Сократ с очень серьезным лицом сказал:
—Вы смеетесь надо мной. Не над тем ли, что я хочу гимнастическими упражнениями укрепить здоровье? Или что я хочу есть и спать с большей приятностью? Или что я стремлюсь не к таким упражнениям, от которых ноги толстеют, а плечи худеют, как у бегунов, и не к таким, от которых плечи толстеют, а ноги худеют, как у кулачных бойцов, а желаю работать всем телом, чтобы все его привести в равновесие? (18) Или вы над тем смеетесь, что мне не нужно будет искать партнера[311] и на старости лет раздеваться перед толпой, а довольно будет мне комнаты на семь лож[312], чтобы в ней вспотеть, как и теперь этому мальчику было довольно этого помещения, и что зимой я буду упражняться под крышей, а когда будет очень жарко — в тени? (19) Или вы тому смеетесь, что я хочу поуменьшить себе живот, который у меня не в меру велик? Или вы не знаете, что недавно утром вот этот самый Хармид застал меня за танцами?
—Да, клянусь Зевсом, — сказал Хармид, — сперва я было пришел в ужас, — испугался, не сошел ли ты с ума; а когда выслушал твои рассуждения вроде теперешних, то и сам по возвращении домой танцевать, правда, не стал, потому что никогда этому не учился, но руками стал жестикулировать[313]: это я умел.
(20) — Клянусь Зевсом, — заметил Филипп, — и в самом деле ноги у тебя как будто одного веса с плечами, так что, думается мне, если бы ты стал вешать перед рыночными смотрителями свой низ для сравнения с верхом, как хлебы, то тебя не оштрафовали бы[314].
Тут Каллий сказал:
—Когда ты вздумаешь учиться танцам, Сократ, приглашай одного меня: я буду твоим партнером и буду учиться вместе с тобою.
(21) — Ну-ка, — сказал Филипп, — пускай она[315] и мне поиграет; потанцую и я.
Он встал, прошелся на манер того, как танцевал мальчик и девушка. (22) Так как мальчика хвалили, что он, выделывая фигуры, кажется еще красивее, то Филипп прежде всего показал все части тела, которыми двигал, в еще более смешном виде, чем они были в естественном виде; а так как девушка, перегибаясь назад, изображала из себя колеса, то и он, наклоняясь вперед, пробовал изображать колеса. Наконец, так как мальчика хвалили, что он при танце доставляет упражнение всему телу, то и он велел флейтистке играть в более быстром ритме и двигал всеми частями тела, — и ногами, и руками, и головой.
(23) Когда наконец он утомился, то ложась сказал:
—Вот доказательство, друзья, что и мои танцы доставляют прекрасное упражнение: мне, по крайней мере, хочется пить; мальчик, налей-ка мне большую чашу.

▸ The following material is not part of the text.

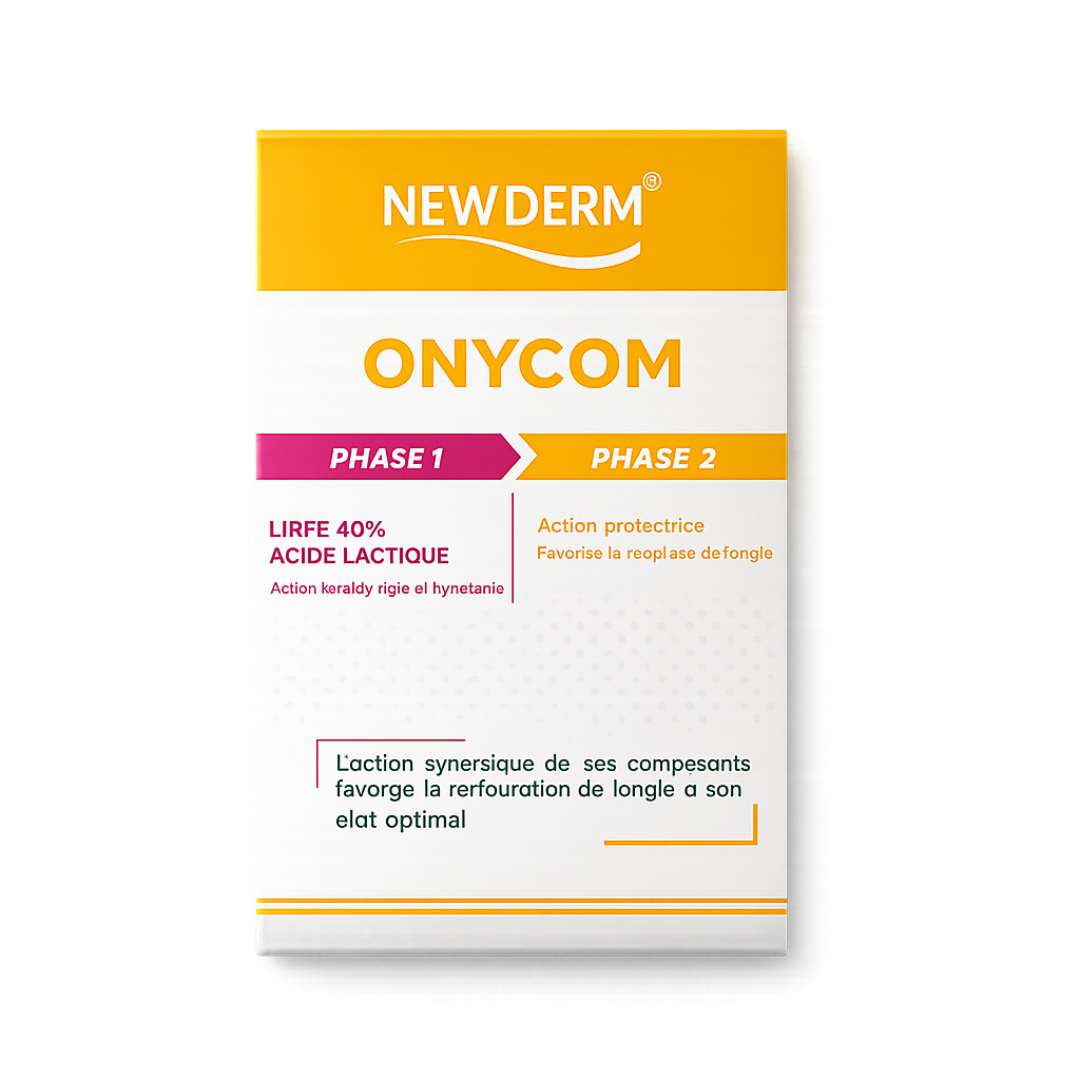 Le NEW DERM Onycom Phase 1 + Phase 2 est un traitement complet en deux étapes spécialement conçu pour assainir, traiter et restaurer les ongles fragilisés. Cette solution progressive agit efficacement sur les ongles altérés, épaissis ou décolorés, tout en favorisant une repousse saine et résistante. Un traitement ciblé très recherché en parapharmacie maroc, disponible sur BeautyMarket.ma.

—Клянусь Зевсом, — сказал Каллий, — и нам тоже: и нам захотелось пить от смеха над тобой.
(24) А Сократ заметил:
—Что касается питья, друзья, то и я вполне разделяю это мнение: ведь в самом деле вино, орошая душу, печали усыпляет, как мандрагора[316] людей, а веселость будит, как масло огонь. (25) Однако, мне кажется, с людьми на пиру бывает то же, что с растениями на земле; когда бог поит их сразу слишком обильно, то и они не могут стоять прямо, и ветерок не может продувать их; а когда они пьют, сколько им хочется, то они растут прямо, цветут и приносят плоды. (26) Так и мы, если нальем в себя сразу много питья, то скоро у нас и тело и ум откажутся служить; мы не в силах будем и вздохнуть, не то что говорить; а если эти молодцы будут нам почаще нацеживать по каплям маленькими бокальчиками, — скажу и я на манер Горгия[317], — тогда вино не заставит нас силой быть пьяными, а поможет прийти в более веселое настроение.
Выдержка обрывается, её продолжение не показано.